Ph'nglui mglw'nafh Cthulhu R'lyeh wgah'nagl fhtagn
Quote11.11.2013 14:150 people like thisLike
 

The training regimen and habits of sumo wrestlers probably hold the key to gaining in the most healthy way possible.

 

Here's a random CNN article I found: http://travel.cnn.com/tokyo/none/secrets-sumo-wrestlers-diet-067161

 

They exercise in the morning on an empty stomach for obvious physical benefits, but it apparently slows down the metabolism as well as it tricks the body to go into a starvation mode where calories must be saved. Then, they eat one or two massive meals the rest of the day and try to nap afterwards. Their meals consists of food that isn't fattening in small quantities, but they of course eat massive amounts of it.

 

To over simplify a complicated subject, it comes down to three points:

 

1. Eat large quantities of healthy foods.

2. Exercise regularly.

3. Slow down your metabolism.

Quote14.11.2013 15:250 people like thisLike
 

Oh this is perfect!  I've been struggling with the same thing myself.  I find that bananas are a great weight gainer.  Especially if you make a peanut butter and banana sandwich out of it!  Milk of course as well as most cheeses.  Nuts are a great snacking food and also very fattening.  I use to get massive bags of cashews and snacked on them all day.

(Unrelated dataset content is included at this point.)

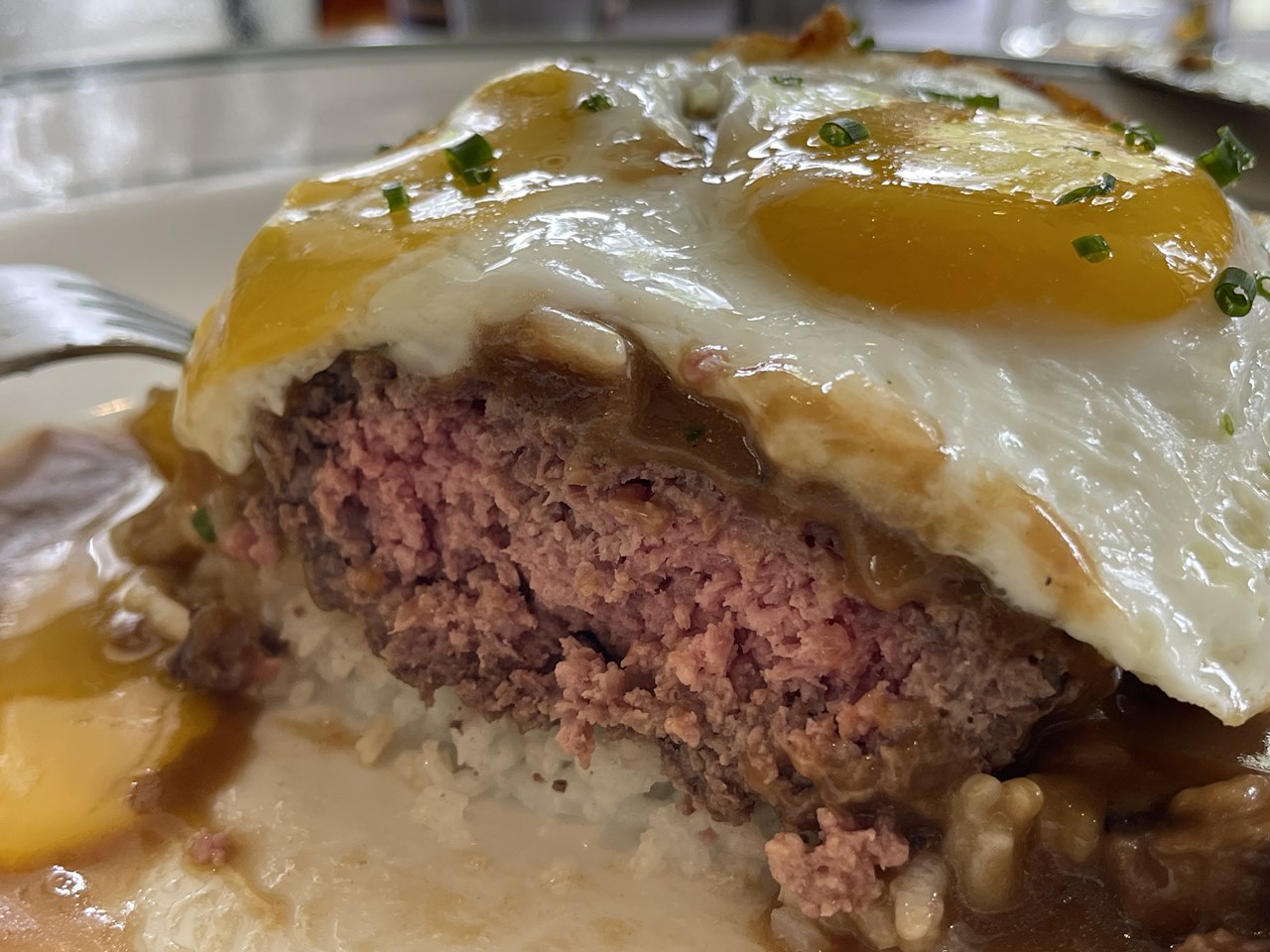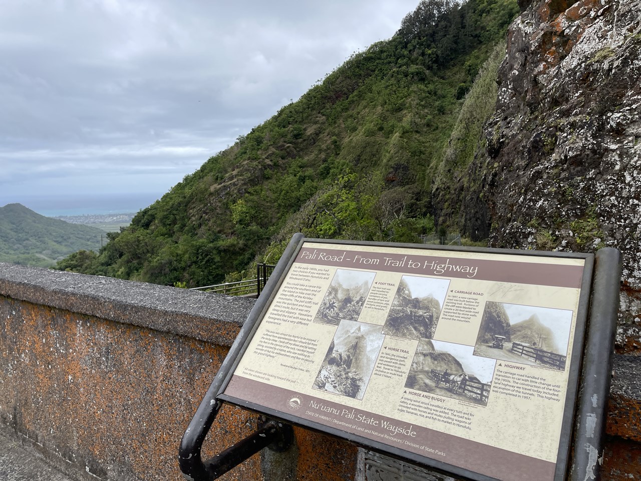 今回はツアーバスが付いている。2階?の団体がバスに乗るエリアでバスを待ち、乗る。簡単な観光付きだ。定番のモアナルア・ガーデンは3回目。ヌウアヌパリ展望台は新婚旅行から2回目かな。風が強い。カメハメハ大王のところ。昼食はWolfgangステーキハウスでロコモコ。その後はホテルへ。

Quote16.11.2013 20:490 people like thisLike
 

Extra Virgin Olive oil - it's heart healthy! and tasty! :) use as a dressing with lemon juice on .... all kindsa pasta dishes... Make like the Spanish and always have some on the side at dinner to dip bread into...

Ok now I'm hungry

Quote27.12.2013 09:200 people like thisLike
 

I was wondering the same thing!What a great thread:)

 

Smoothies are awesome, you can put 10+ bananas (frozen bananas make it taste like a milkshake), some almond butter, protein powder, etc. to get the calories up. I am thinking I will make a 1k calorie smoothie every morning (I already eat them daily). I use coconut milk for the liquid, but I do love soy milk too. Some people add an avocado - you can't taste it in the smoothie. I always add some other frozen fruit like berries, pineapple, mango, etc. I just started adding flax and/or chia seeds too.

 

If using this many bananas makes it too sweet, you can put a big handful of baby spinach in it (doesn't taste bad, i swear!). I like to use half frozen and half non-frozen - otherwise you get a brain freeze and the blender jams up. Make sure you add enough liquid.